→ EXERCISE REQUIREMENTS:
Starting with the line with "廣州地鐵站LED大屏廣告價格收費?廣州地鐵站電視墻大屏廣告案例" in the entries below and going on through the line with "Introducing our exquisite", output every line exactly and nothing more. No pictures.

Items listed in a dataset:

....

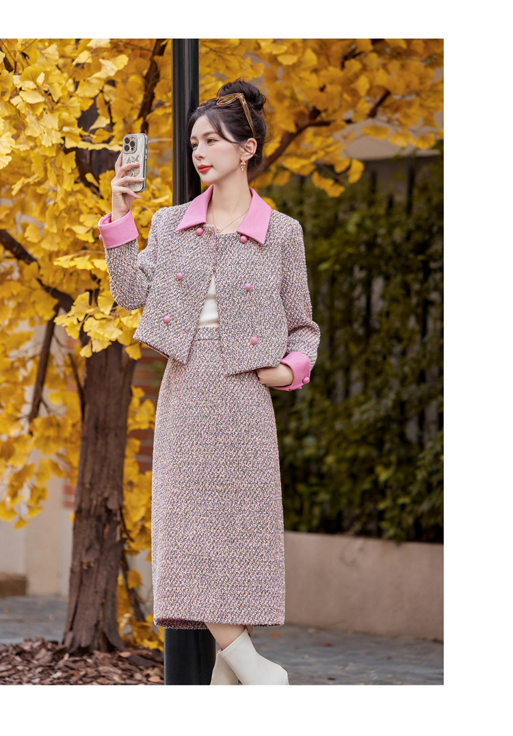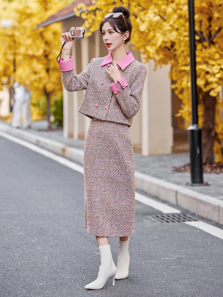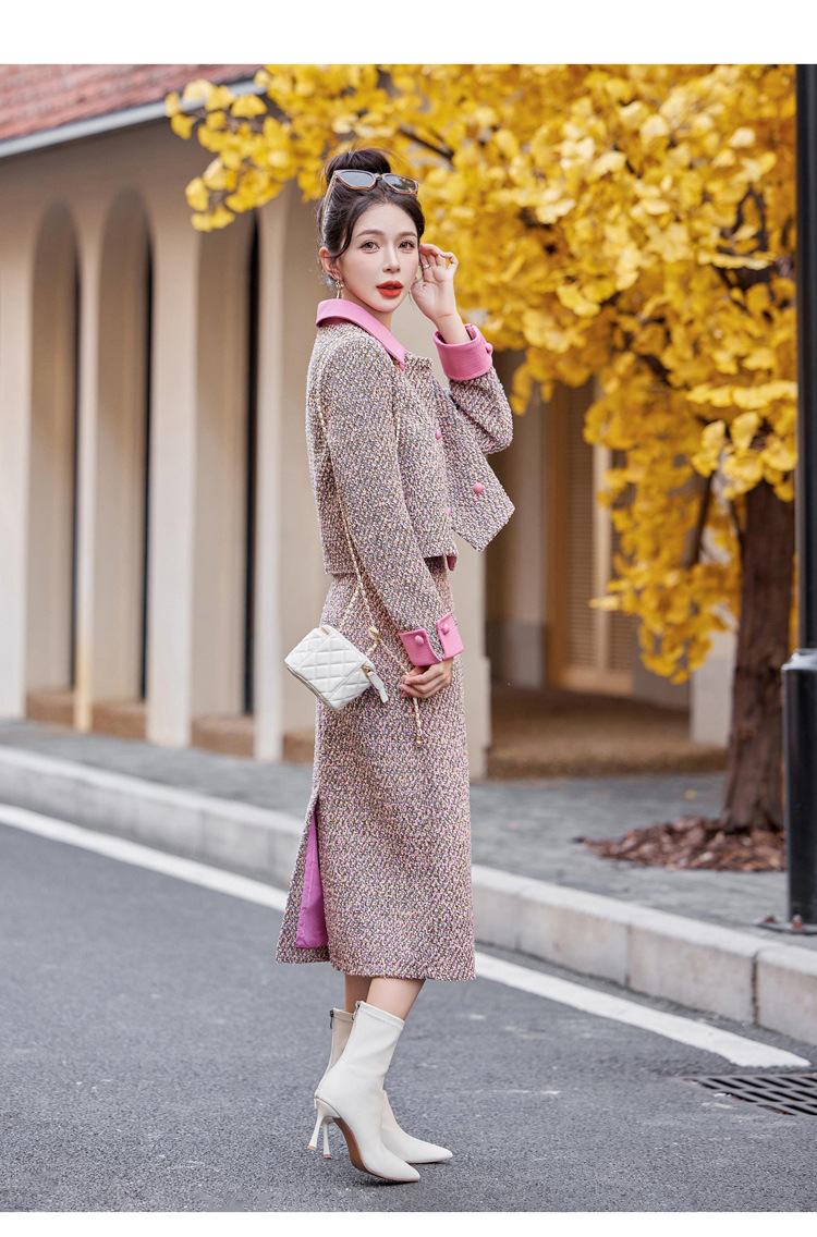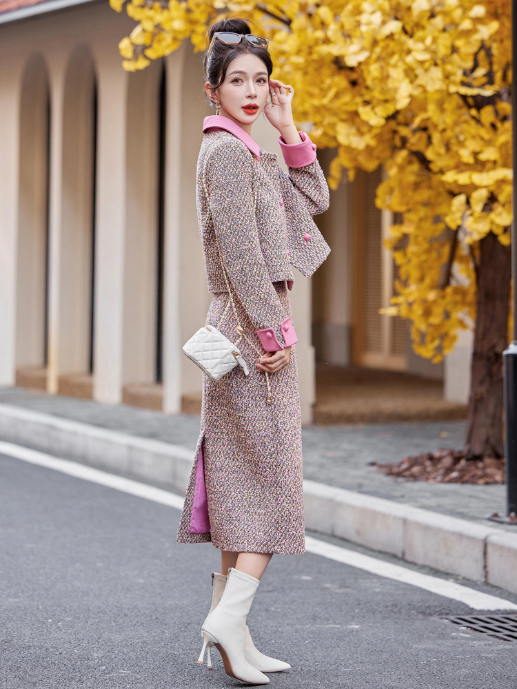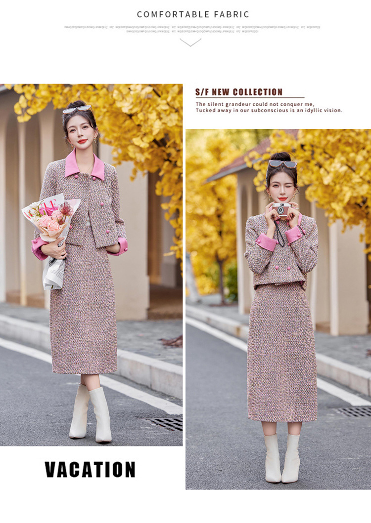 Bộ trang phục mùa lạnh này gồm áo khoác và chân váy, mang phong cách trẻ trung, hiện đại. Áo được thiết kế với cổ bẻ và điểm nhấn là sự kết hợp màu sắc tương phản, cách điệu. Chất liệu lông vũ nhẹ ấm bên trong giúp giữ nhiệt tốt. Bạn có thể mặc nguyên bộ để tạo vẻ chỉn chu, hoặc phối áo với quần jeans để thêm năng động. Đây là lựa chọn phù hợp cho nhiều dịp sinh hoạt hằng ngày. | Tên sản phẩm: Áo Khoác Nữ Cả Bộ 2 Món Kín Cổ Hàng Mùa Xuân Thu Đông - Thời Trang Nữ | Mã sản phẩm: B5097 - Giá: 2.660.000đ | Mã nhà sản xuất: HADG-G06Hình ảnh sản phẩm
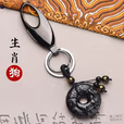 高档汽车钥匙扣男女士腰挂十二生肖平安扣钥匙圈挂件创意生日礼物 天然黑曜石【生肖狗】
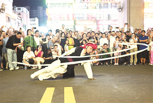 延边大学门前,“夏夜遇非遗·清爽游延边”歌舞展演每晚吸引着众多市民和游客驻足。活动将持续至9月3日,每日19:20至19:50与20:10至20:30由延边歌舞团及各县市文艺团体轮番献艺。长鼓引领节奏,小锣清脆、大锣浑厚、圆鼓铿锵——四物乐交织出欢悦韵律;联合国教科文组织人类非物质文化遗产代表项目中国朝鲜族农乐舞(象帽舞)更是焦点,飘带翻飞如环似线,赢得阵阵喝彩。惊喜不止于表演,现场不定时派发的“畅游延边大礼包”,内含《五彩阿里郎》《四季如歌》等热门演出优惠票、中甲联赛球票,点燃游客探索延边的热情。
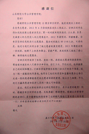 我院2012级学生宗聿历,是嘉兴市第一医院医务社工部的一名优秀志愿者。自2012年6月嘉兴市第一医院社工部成立以来,宗聿历同学一直以认真、负责、充满爱心的态度进行志愿者服务。无论是炎热的暑假,还是寒冷的寒假,宗聿历同学只要一回到家,就会继续他的志愿服务。他用放假休息的时间来到医院,不辞辛劳的服务在医院的每一个角落,感动着每一位患者和医护人员。为此,嘉兴市第一医院医务社工部特别向我院发来感谢信,感谢宗聿历同学的无私奉献,感谢我院培养出如此优秀的学生。
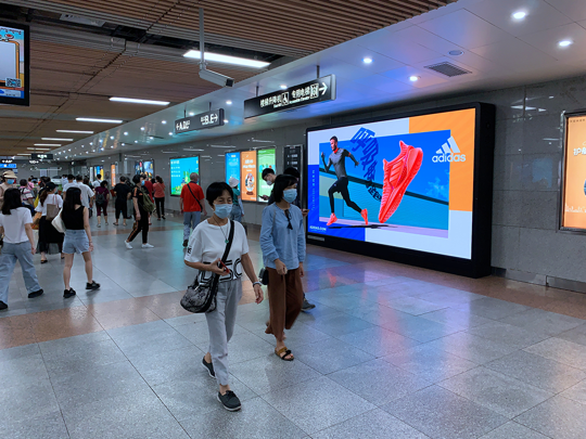 廣州地鐵站LED大屏廣告價格收費?廣州地鐵站電視墻大屏廣告案例
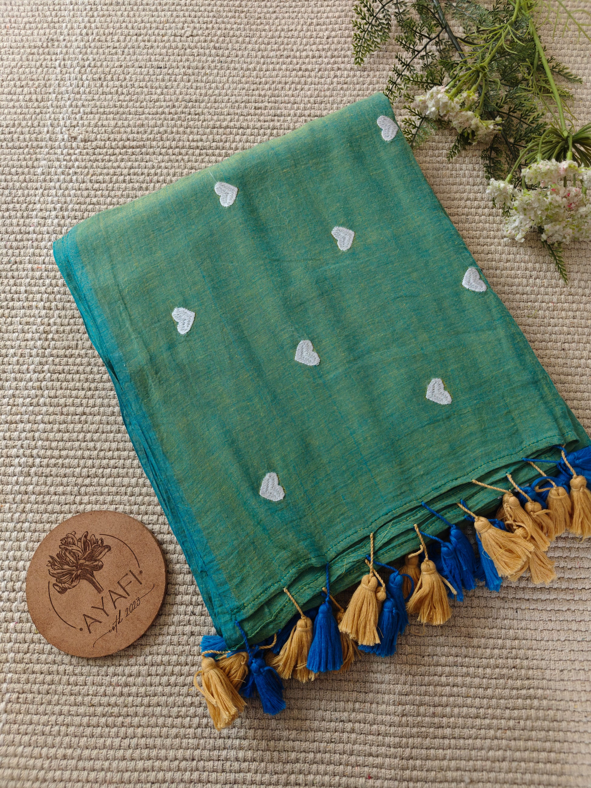 Introducing our exquisite ‘LOVE’ Embroidered Mul Cotton Saree. What sets this saree apart is its intricate embroidery, meticulously woven by the loom to adorn the fabric with beautiful Heart motifs.
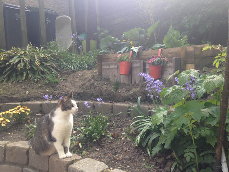 Deze kant van de tuin staat niet zo vaak op de foto, want niet zo fotogeniek (er moet nog wat in en uit aan die kant). Frank is wel heel fotogeniek en ligt de afgelopen dagen vaak bij de buren in de tuin te genieten van alle aandacht. Buurmeisje M. heeft Frank omgedoopt tot Henk, want ze kan nog geen ‘frank’ zeggen, hahaha!
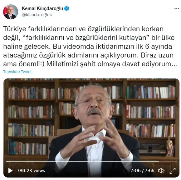 CHP'nin sosyal medya hesaplarından yayınlanan bir video ile iktidara gelmeleri durumunda özgürlükler başlığı altında yapacakları ilk düzenlemeleri sıralayan CHP Lideri Kemal Kılıçdaroğlu, 6. maddesinde sözü 'cinsel yönelim' ifadeleriyle perdeleyerek LGBT'ye getirdi.
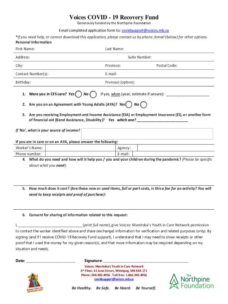 Voices COVID-19 Recovery Fund Generously funded by the North pine Foundational completed application form to: covidsupport@voices.mb.ca *If you need help, or cannot download this application, please
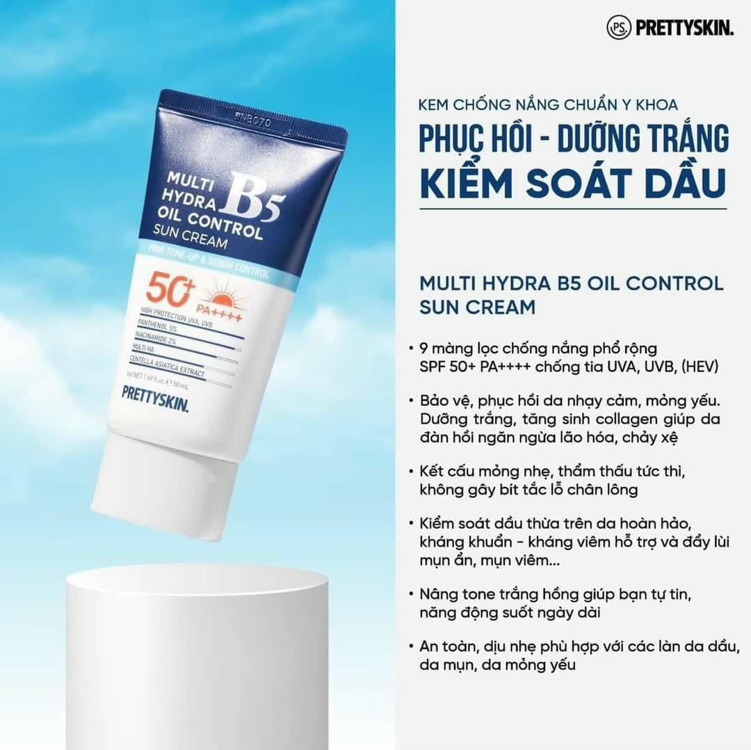 Kem Chống Nắng Pretty Skin Multi Hydra B5 Oil Control Sun Cream SPF 50+/PA++++ - Phục Hồi Dưỡng Trắng Dành Cho Da Dầu
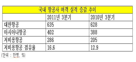 특히 양사 모두 국내선에서 저비용항공사에 밀려 여객 수가 줄고 있다. 전년동기(224만9천691명) 대비 대한항공 국내선 여객은 9% 감소했으며, 아시아나항공(2010년 3분기 115만6천549명)은 2% 감소했다.
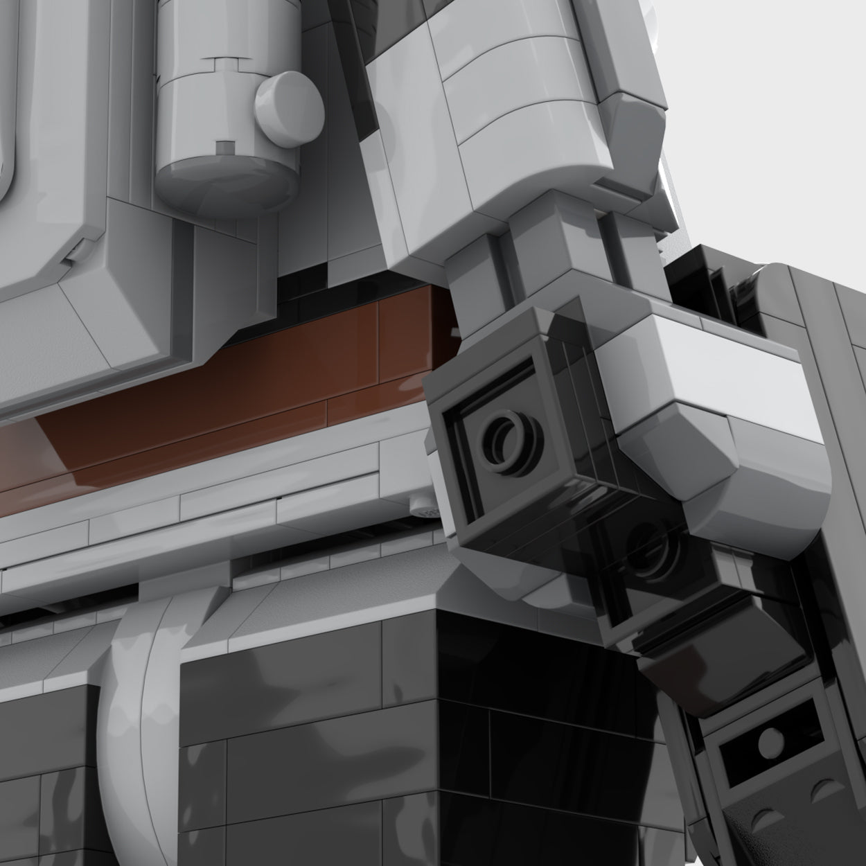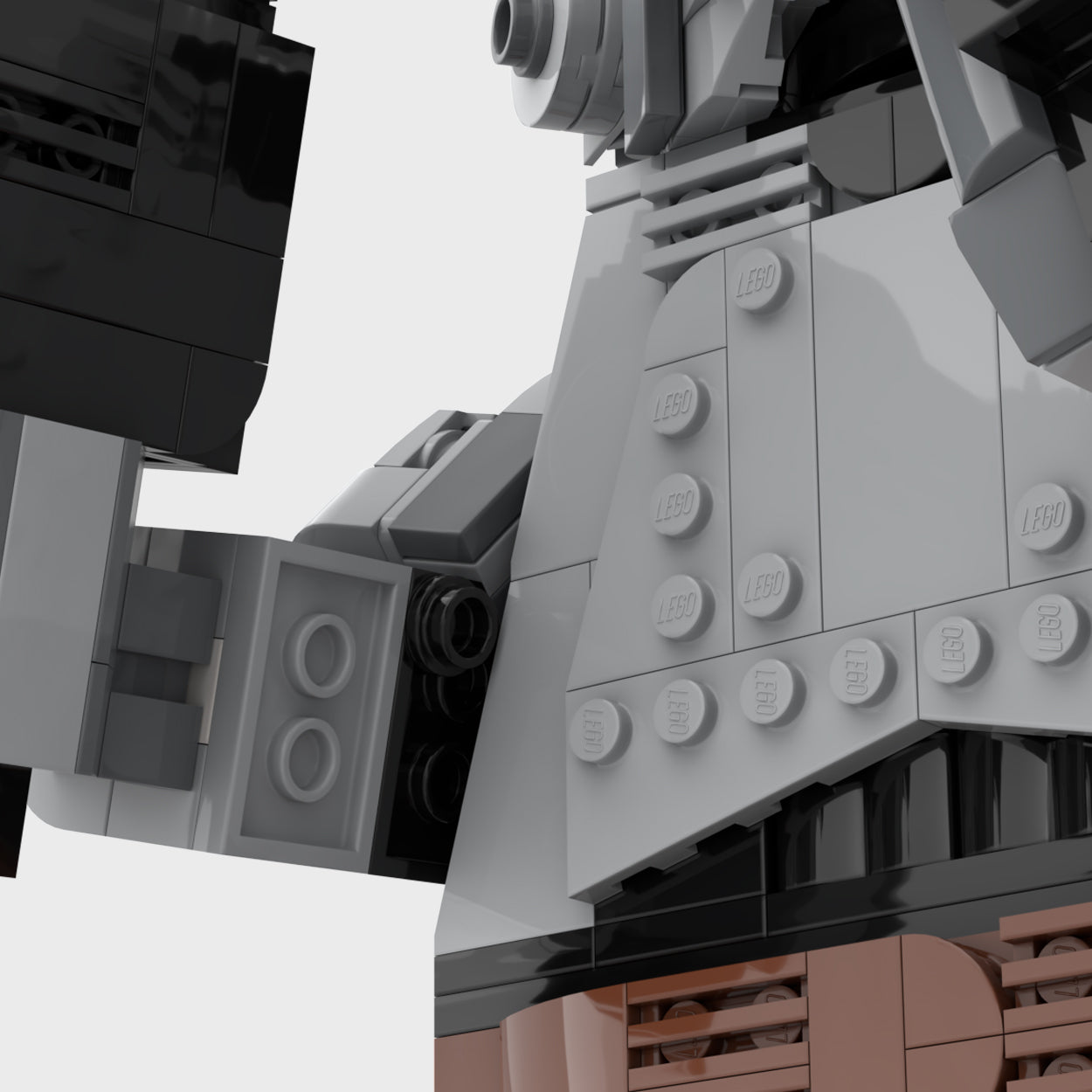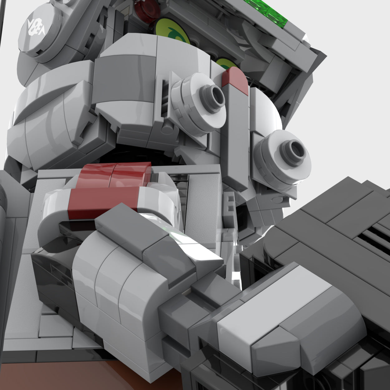 This design features articulating legs and arms as well as a head that can move almost 360 degrees. While the figure can be posed it is most stable with arms in the resting position. The internal gear system allows arms and legs to be posable. However, the weight of the guns can cause the arms to fall to a resting position. Depending on how new your parts are, the gear system did hold at 22.5 degrees, but over time will likely fall back to a resting position. However, a 1 x 1 round plate can be used as a stop block to hold the arms in multiple positions. The stop block can easily hold the weapons in a firing position.
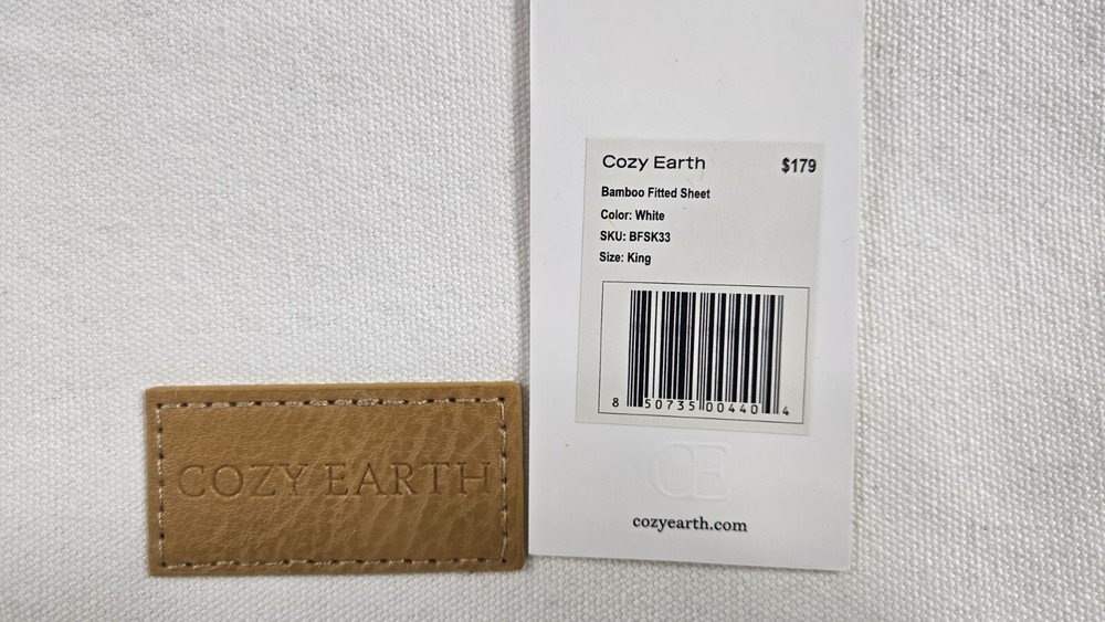 This product is a new Cozy Earth Bamboo King White Fitted Sheet that comes with a canvas bag. The fitted sheet is made of bamboo material, known for its softness and durability. It features a solid white color and is designed to fit a king-size bed. The care instructions indicate that it is machine washable, making it easy to maintain. Perfect for the bedroom, this product offers both comfort and convenience for a good night's sleep.

....

→ YOUR RESPONSE:
 廣州地鐵站LED大屏廣告價格收費?廣州地鐵站電視墻大屏廣告案例
 Introducing our exquisite ‘LOVE’ Embroidered Mul Cotton Saree. What sets this saree apart is its intricate embroidery, meticulously woven by the loom to adorn the fabric with beautiful Heart motifs.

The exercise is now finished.